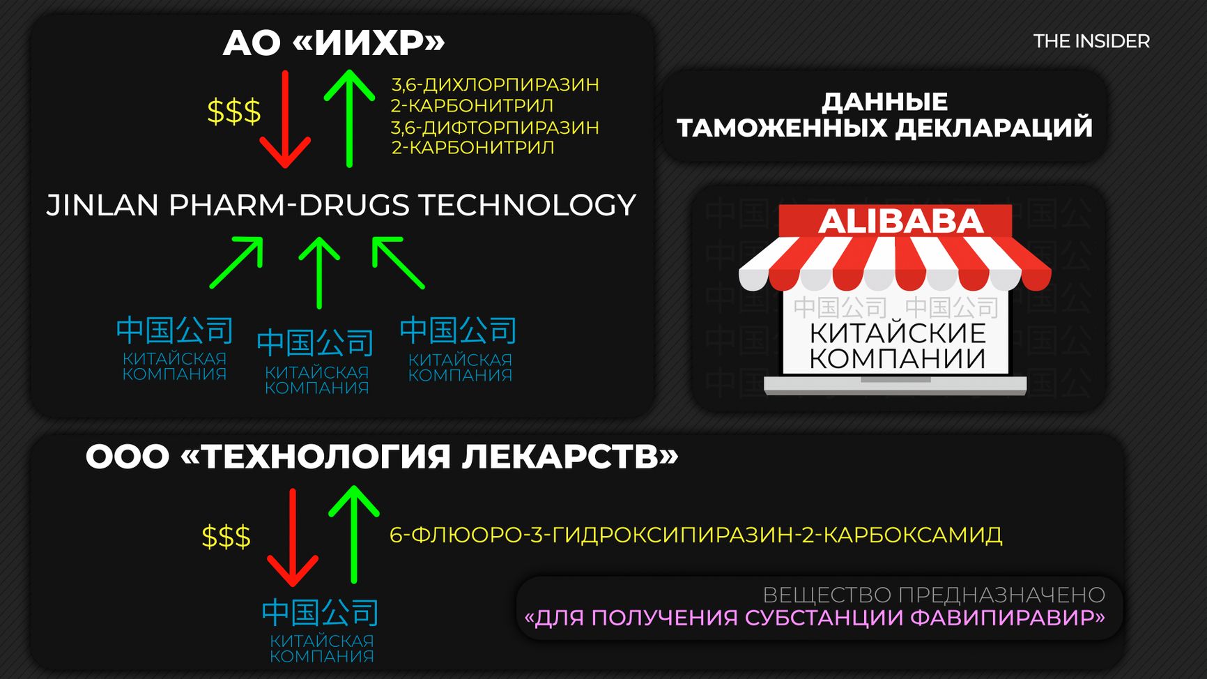 В распоряжении редакции имеются номера деклараций на ввоз вещества. Так, 2 и 6 апреля, а затем 11 мая и 18 июня на производство компании «ХимРар» в Химках от китайского поставщика приехали почти 90 кг веществ, из которых за несколько операций можно получить фавипиравир. Задекларированная стоимость интермедиатов — всего 23 млн рублей, ничтожная сумма по сравнению с миллиардными бюджетами госзакупок. По оценке китайского продавца, компании Jinlan Pharm-Drugs Technology Co., из такого количества можно изготовить десятки тысяч таблеток — с ним корреспондент The Insider общался на маркетплейсе Alibaba, где в 2020 году был представлен магазин компании, и в нем можно было купить субстанцию фавипиравира. В 2021 году купить эту субстанцию на Alibaba уже невозможно — по требованию лицензиата такие товары были заблокированы. Однако на сайте поставщика ссылка на товар все еще имеется.
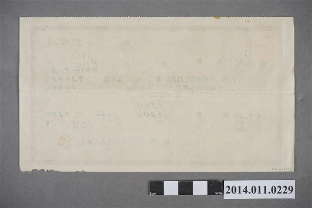 1. 本文物為保險金受取證,契約年月為昭和11年(1936)3月28日,付款日期為昭和13年(1938)11月28日,總共一年份,保險金為倍一,目前繳納五二元,差引付款額為五三元,契約者是苗栗郡公館庄蔴齊寮九三番地之張永華,被保險者為貴,證券番號為付利20有限 92.441號,保金全額1000圓,並於證書右邊寫有相關注意事項,而此保險的經營者為明治生命保險株式會社苗栗代理店主黃逢良。文件右上角貼有日南政府印紙收入三錢的印花稅票一張,並蓋有相關戳記。
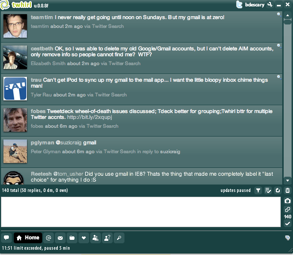 J’aime beaucoup cette nouvelle version de Twhirl. À mon avis, trois choses manquent encore à ce client.
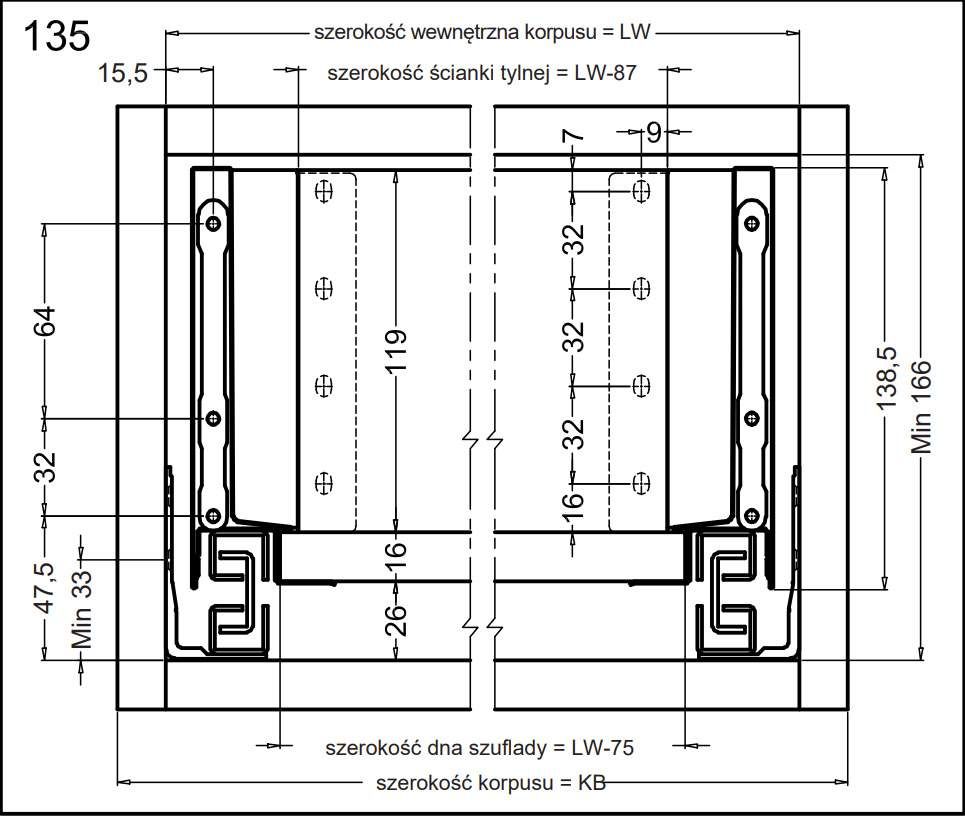 Комплект середньої шухляди Matrix S Slim 2.0 H135 L400, 35 кг, Білий, 514.13.823

TASK GOAL: Leaving out only the pictures, return the material above unchanged.

WRITTEN RESPONSE:
 В распоряжении редакции имеются номера деклараций на ввоз вещества. Так, 2 и 6 апреля, а затем 11 мая и 18 июня на производство компании «ХимРар» в Химках от китайского поставщика приехали почти 90 кг веществ, из которых за несколько операций можно получить фавипиравир. Задекларированная стоимость интермедиатов — всего 23 млн рублей, ничтожная сумма по сравнению с миллиардными бюджетами госзакупок. По оценке китайского продавца, компании Jinlan Pharm-Drugs Technology Co., из такого количества можно изготовить десятки тысяч таблеток — с ним корреспондент The Insider общался на маркетплейсе Alibaba, где в 2020 году был представлен магазин компании, и в нем можно было купить субстанцию фавипиравира. В 2021 году купить эту субстанцию на Alibaba уже невозможно — по требованию лицензиата такие товары были заблокированы. Однако на сайте поставщика ссылка на товар все еще имеется.
 1. 本文物為保險金受取證,契約年月為昭和11年(1936)3月28日,付款日期為昭和13年(1938)11月28日,總共一年份,保險金為倍一,目前繳納五二元,差引付款額為五三元,契約者是苗栗郡公館庄蔴齊寮九三番地之張永華,被保險者為貴,證券番號為付利20有限 92.441號,保金全額1000圓,並於證書右邊寫有相關注意事項,而此保險的經營者為明治生命保險株式會社苗栗代理店主黃逢良。文件右上角貼有日南政府印紙收入三錢的印花稅票一張,並蓋有相關戳記。
 J’aime beaucoup cette nouvelle version de Twhirl. À mon avis, trois choses manquent encore à ce client.
 Комплект середньої шухляди Matrix S Slim 2.0 H135 L400, 35 кг, Білий, 514.13.823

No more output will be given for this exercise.